Nine: putting learning first. This is coming out because of what we've lived through for the last ten years. Remember, 1983, a report called "A Nation at Risk". We had reform after reform after that. What we started doing is we started borrowing a lot of business metaphors. In 1997 or 98 most of those initiatives were overtaken by another dominant theory, the 'Techno Cro-Magnon Theory'. The whole theory was this: "Technology. Good." It was about how technology was going to change the world. Greenspan: "Irrational exhuberance." But corporations forgot about profit. Colleges forgot about learning. Look at CIOs. We've moved technology from the basement to the boardroom. Technology is mission critical now. In the course of the next ten years you'll see the rise of learning initiatives; they won't care what technology you're using, they'll want to know whether it is improving learning, and how do you know. Story: blowing up a whale in Oregon. It was a bad idea. "I'm spending millions of dollars on technology, and I have no idea whether they're improving learning, or whether I'm blowing up a whale." How do we know? How do we pull that stguff up. (From comments: collegeresults.org - also, El Paso Learning Alliance, 90 percent of graduates need remedial math. education value added assessment)

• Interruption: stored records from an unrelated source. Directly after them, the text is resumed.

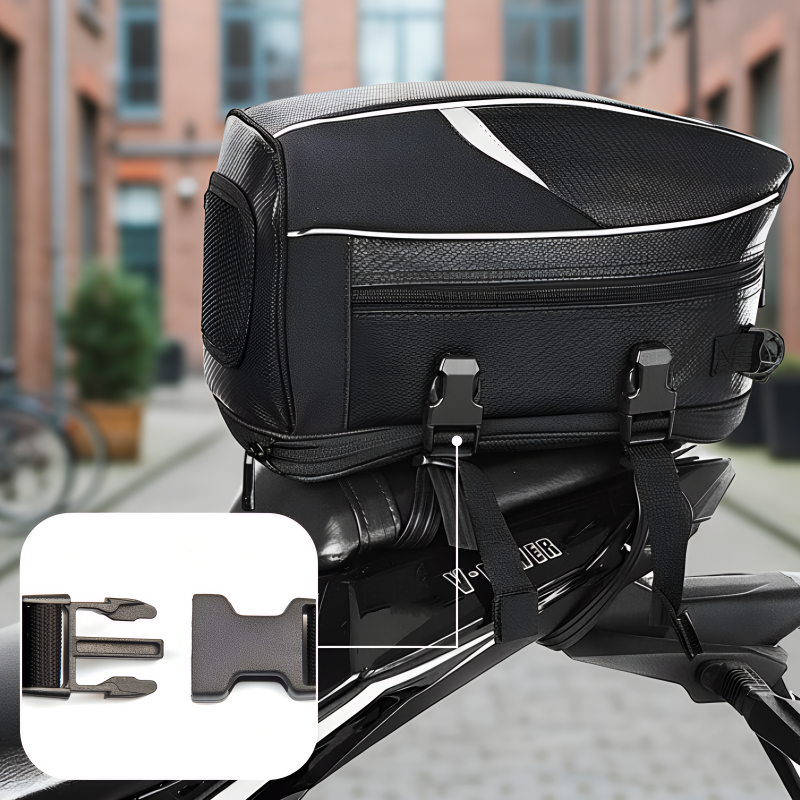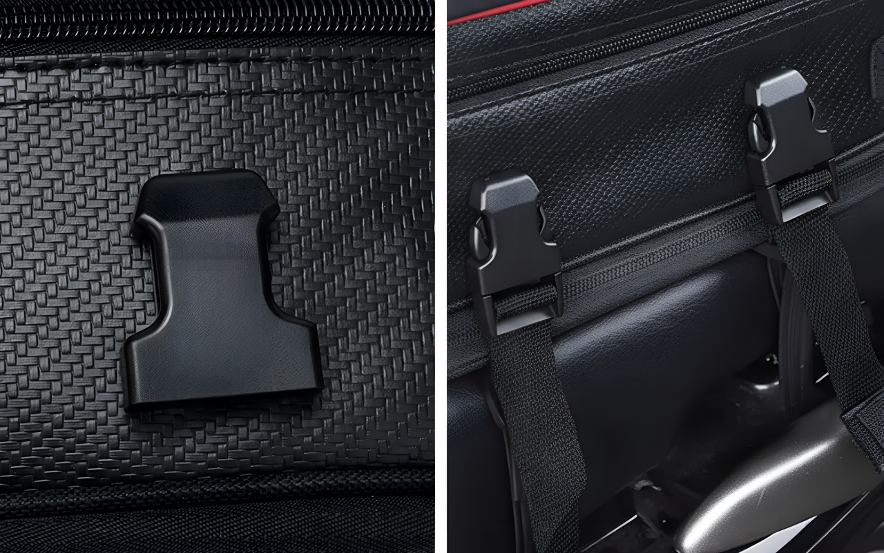 Vahvat kiinnitykset estävät liikkumisen ajon aikana. Laukku pysyy tiukasti paikallaan epätasaisillakin teillä.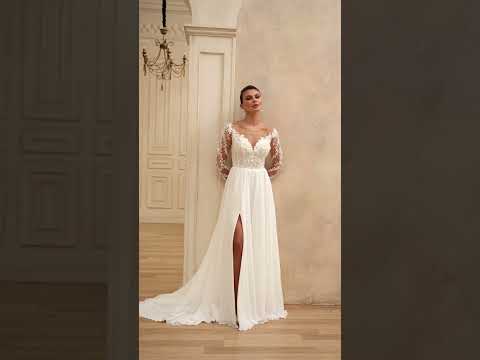 Robe de mariée Lady Di Bride 1235 – Mousseline fluide, manches longues et fente élégante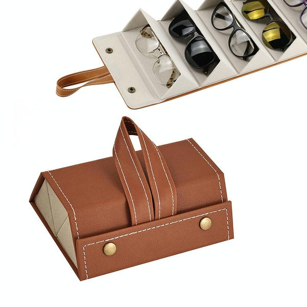 Multifunctional Jewelry Glasses Storage Box Small Grain PU Leather Handmade Glasses Case,Model: L6402 (Brown)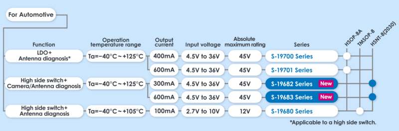 As a one-channel per package product, the S-19682/3 Series uses the industry's smallest (*1) HSNT8(2.0x3.0xt0.5mm) package and therefore has a footprint per channel that is the industry's smallest when compared to multi-channel products. Small size contributes to design freedom and equipped with the earlier mentioned connection diagnosis function, this Series is fully equipped to meet the automotive requirements of the latest ADAS/AD systems.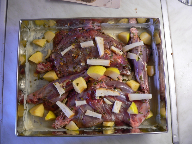 Beindul a Nagy Projekt! Minek folytán Bambi a múltkor belenézett egy 30-06-os Mauser csövébe és eképpen itthagyta ezt az elvetélt árnyékvilágot, ma sült őzcomb lesz a kaja. Egész éjjel ázott a vadpácban, most reggel lecsorgattam, megspékeltem nyegyed kiló füstölt szalonnával, meg egy fej fokhagymával. Rászórtunk almadarabokat, a maradék fokhagymát, szalonnát. Megkapja még a sót, mega borsot, aztán lefóliázva megy a sütőbe. 80 fokon indul a sütés, aztán óránként emelek 25 fokot. Sajnos, ez ugye többórás lassú sütést jelent, nem is tudom, hogy fogom kibírni. Alább látható Bambi az új környezetében. Ha érdekel Benneteket, délután beszámolok a fejleményekről.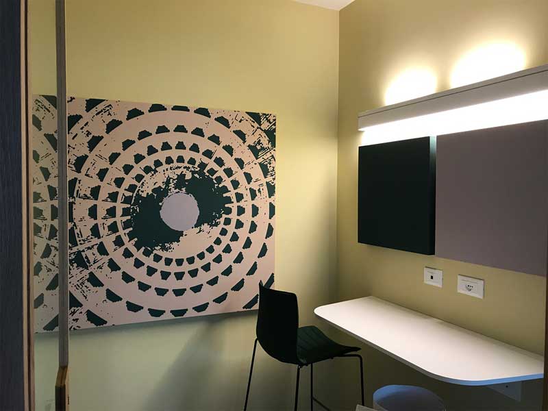 Oudimmo Acoustic Design è produttore diretto e può fornire quadri fonoassorbenti e pannelli fonoassorbenti a Roma, nel Lazio e in tutto il centro Italia a prezzi concorrenziali e con alta qualità. La consegna è diretta e l’installazione, grazie a squadre di installatori dedicate, è rapida e precisa con direzione dei lavori affidata a geometri e tecnici acustici di grande esperienza. Oltre alla consulenza gratuita online, con la quale possiamo elaborare un calcolo a distanza e proporre le soluzioni acustiche più adatte, è possibile richiedere un nostro sopralluogo per acquistare e installare i nostri pannelli fonoassorbenti a Roma con una verifica strumentale degli ambienti, sulla cui base elaboreremo una proposta tecnico-economica su misura per voi, avvalendoci delle elevate caratteristiche prestazionali ed estetiche dei nostri prodotti.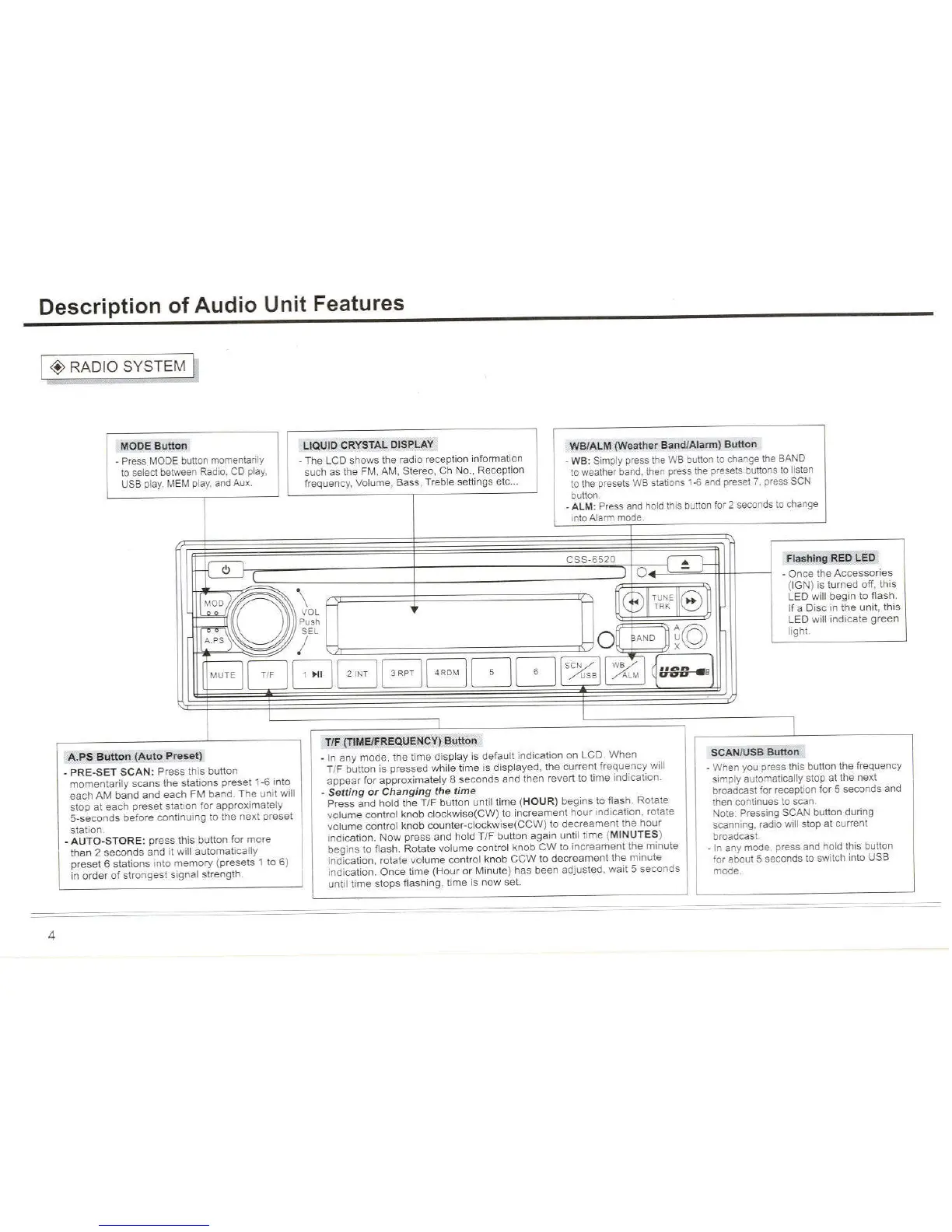 Custom Radio CSS-5900E - Audio Unit Feature Descriptions - Part 2; Weather Band;Alarm (WB;ALM) Button; Auto Preset (A.PS) Button; Time;Frequency (T;F) Button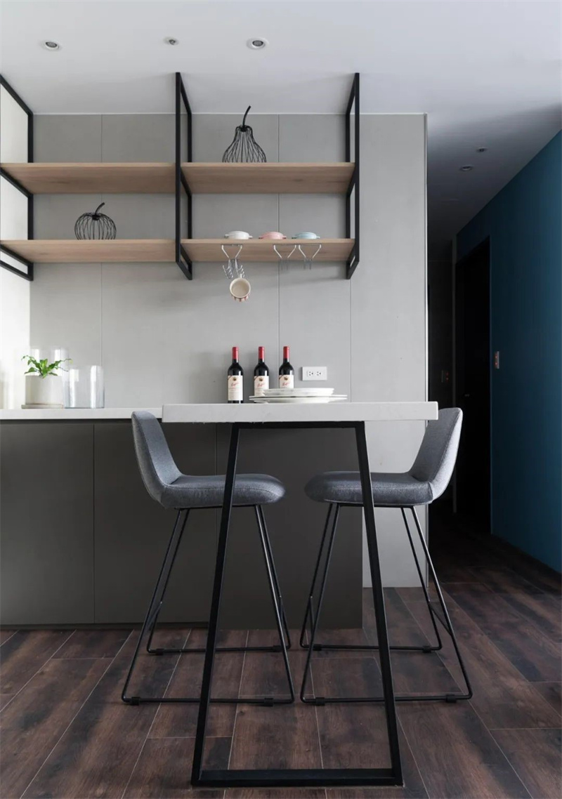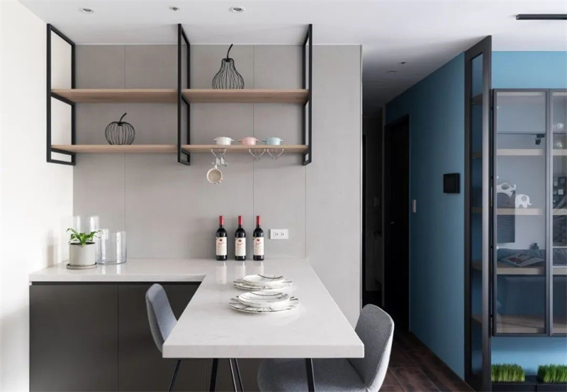 餐廳采用簡潔大方的白色大理石餐桌,搭配灰色布藝餐椅,整體色調(diào)和諧統(tǒng)一,帶來極致的用餐體驗(yàn)。餐桌上方的開放式木質(zhì)擱架設(shè)計(jì)簡約實(shí)用,不僅提供了充足的儲物空間,還成為展示個性和收藏愛好的小天地。桌面上整齊擺放的餐具和酒品,彰顯了主人對生活的精致追求。

Ten: vision ing exciting horizons. The internet is a disruptive innovation; and what took cars 50 years to do took the internet 4 years. But the horizon ahead is even more interesting. Internet 2 - holograpic technologies. "Let's talk about the human brain." And you see a giant human brain. Or engaging students with gaming technology - what students will do is just stunning. The kids playing Microsoft's Age of Mythology were shown to know more than people taking courses on the same subject. But you need a tough-minded approach. Don't revert to the Cro-Magnon theory.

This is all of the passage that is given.